The nominal parameter values and the prior range for the target parameters are summarized in the following table.
.. list-table:: Parameter descriptions for capturing dynamics using **Wilson-Cowan** neural mass model.
:name: table:WCo
:header-rows: 1
:class: color-caption
* - Parameters
- Description
- Value
- Prior
* - :math:`T_{SG}`
- Delay from STN to GPe
- 6 ms
-
* - :math:`T_{GS}`
- Delay from GPe to STN
- 6 ms
-
* - :math:`T_{GG}`
- Self delay of GPe
- 4 ms
-
* - :math:`T_{CS}`
- Delay from cortex to STN
- 5.5 ms
-
* - :math:`T_{SC}`
- Delay from STN to cortex
- 21.5 ms
-
* - :math:`T_{CC}`
- Self delay of cortex
- 4.65 ms
-
* - :math:`\tau_{S}`
- Time constant for STN
- 12.8 ms
-
* - :math:`\tau_{G}`
- Time constant for GPe
- 20 ms
-
* - :math:`\tau_{E}`
- Time constant for excitatory neurons
- 11.59 ms
-
* - :math:`\tau_{I}`
- Time constant for inhibitory neurons
- 13.02 ms
-
* - :math:`M_{S}`
- Maximum firing rate of STN
- 300 spk/s
-
* - :math:`M_{G}`
- Maximum firing rate of GPe
- 400 spk/s
-
* - :math:`M_{EI}`
- Maximum firing rate of excitatory neurons
- 75.77 spk/s
-
* - :math:`M_{I}`
- Maximum firing rate of inhibitory neurons
- 205.72 spk/s
-
* - :math:`B_{S}`
- Baseline firing rate of STN
- 10 spk/s
-
* - :math:`B_{G}`
- Baseline firing rate of GPe
- 20 spk/s
-
* - :math:`B_{EI}`
- Baseline firing rate of excitatory neurons
- 17.85 spk/s
-
* - :math:`B_{I}`
- Baseline firing rate of inhibitory neurons
- 9.87 spk/s
-
* - :math:`C`
- Excitatory input to cortex
- 172.18 spk/s
-
* - :math:`Str`
- Inhibitory input from striatum to GPe
- 8.46 spk/s
-
* - :math:`w_{GS}`
- Synaptic weight from GPe to STN
- 1.33
- :math:`U(0,10)`
* - :math:`w_{SG}`
- Synaptic weight from STN to GPe
- 4.87
- :math:`U(0,10)`
* - :math:`w_{GG}`
- Self synaptic weight among GPe
- 0.53
- :math:`U(0,20)`
* - :math:`w_{CS}`
- Synaptic weight from cortex to STN
- 9.97
- :math:`U(0,20)`
* - :math:`w_{SC}`
- Synaptic weight from STN to cortex
- 8.93
- :math:`U(0,10)`
* - :math:`w_{CC}`
- Self synaptic weight among cortex
- 6.17
- :math:`U(0,10)`
Jansen-Rit whole-brain model
----------------------------
The Jansen-Rit neural mass model [Jansen1995]_ has been widely used to simulate physiological signals from various recording methods like intracranial LFPs, and scalp MEG/EEG recordings.
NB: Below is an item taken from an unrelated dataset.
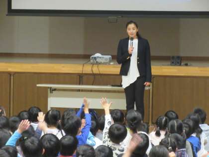 オリンピック、パラリンピック教育の一環として、元オリンピック日本代表競泳選手の伊藤華英さんが来てくれました。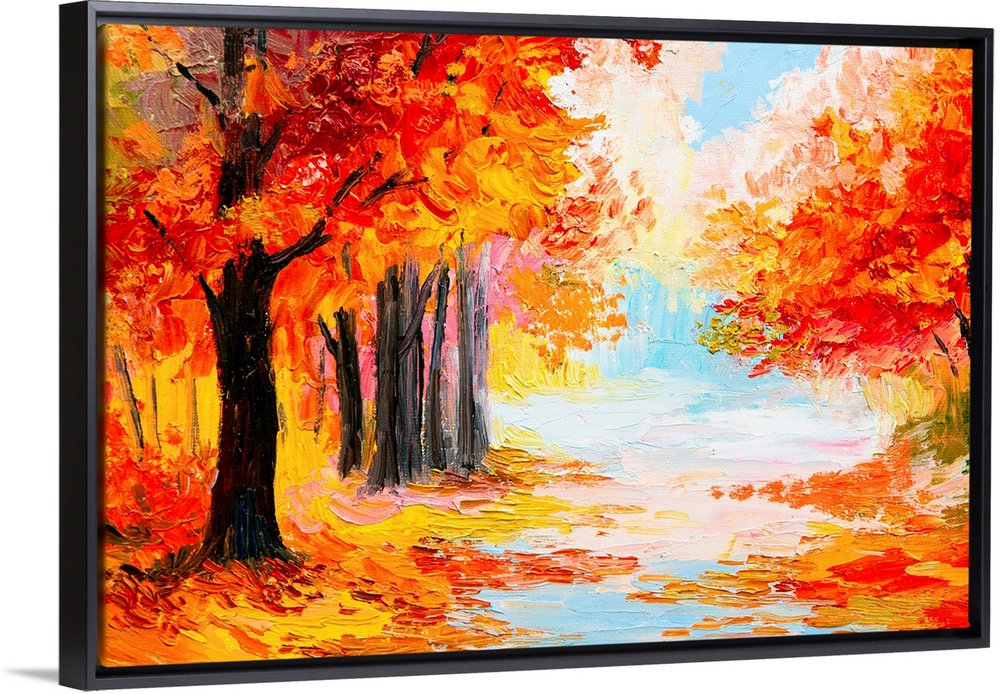 <p>Oil painting of a landscape in autumn foliage.</p>

For example, it has been shown to recreate responses similar to evoked-related potentials after a series of impulse stimulations [David2003]_, [David_etal06]_, generating high-alpha and low-beta oscillations (with added recurrent inhibitory connections and spike-rate modulation) [Moran2007]_, and also seizure patterns similar to those seen in temporal lobe epilepsy [Wendling2001]_.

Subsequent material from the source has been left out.